• Recorded data:

◆ ◆ ◆ ◆ ◆

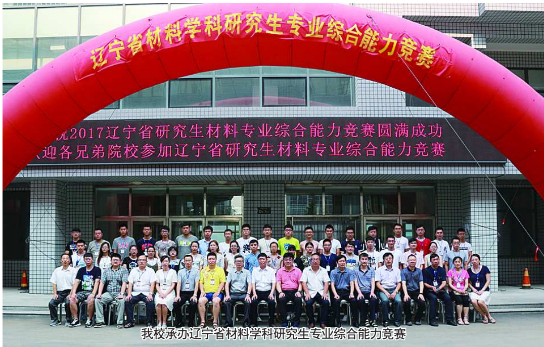
我校承办辽宁省材料学科研究生专业综合能力竞赛

想、练本领，敢担当，“敢于有梦、勇于追梦、勤于圆梦”。有在国内外科技竞赛中求新探异、崭露头角的“创新新秀”，有获得知名企业青睐的“技术达人”，有矢志创业、实现梦想的“创业之星”，有响应国家召唤、到西部、下基层建功立业的“热血青年”，更有许许多多由各位同学为主角书写的青春故事，校园传奇。
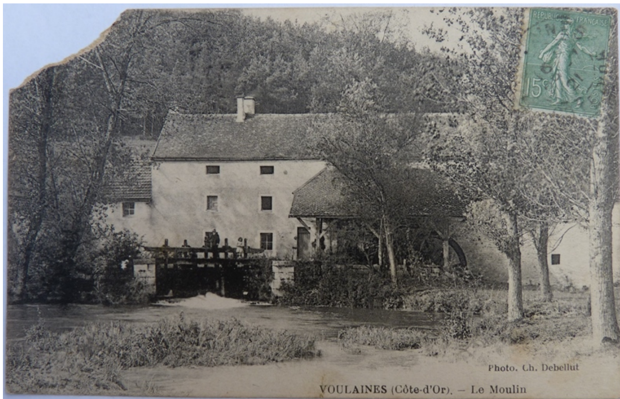
Carte postale ancienne représentant le moulin depuis l'est. 21, Voulaines-les-Templiers, lieudit : Champs Perrault

◆ ◆ ◆ ◆ ◆

• The task:
Copy the whole of the material above exactly, but not its images.

• Reply to the task:
我校承办辽宁省材料学科研究生专业综合能力竞赛

想、练本领，敢担当，“敢于有梦、勇于追梦、勤于圆梦”。有在国内外科技竞赛中求新探异、崭露头角的“创新新秀”，有获得知名企业青睐的“技术达人”，有矢志创业、实现梦想的“创业之星”，有响应国家召唤、到西部、下基层建功立业的“热血青年”，更有许许多多由各位同学为主角书写的青春故事，校园传奇。
Carte postale ancienne représentant le moulin depuis l'est. 21, Voulaines-les-Templiers, lieudit : Champs Perrault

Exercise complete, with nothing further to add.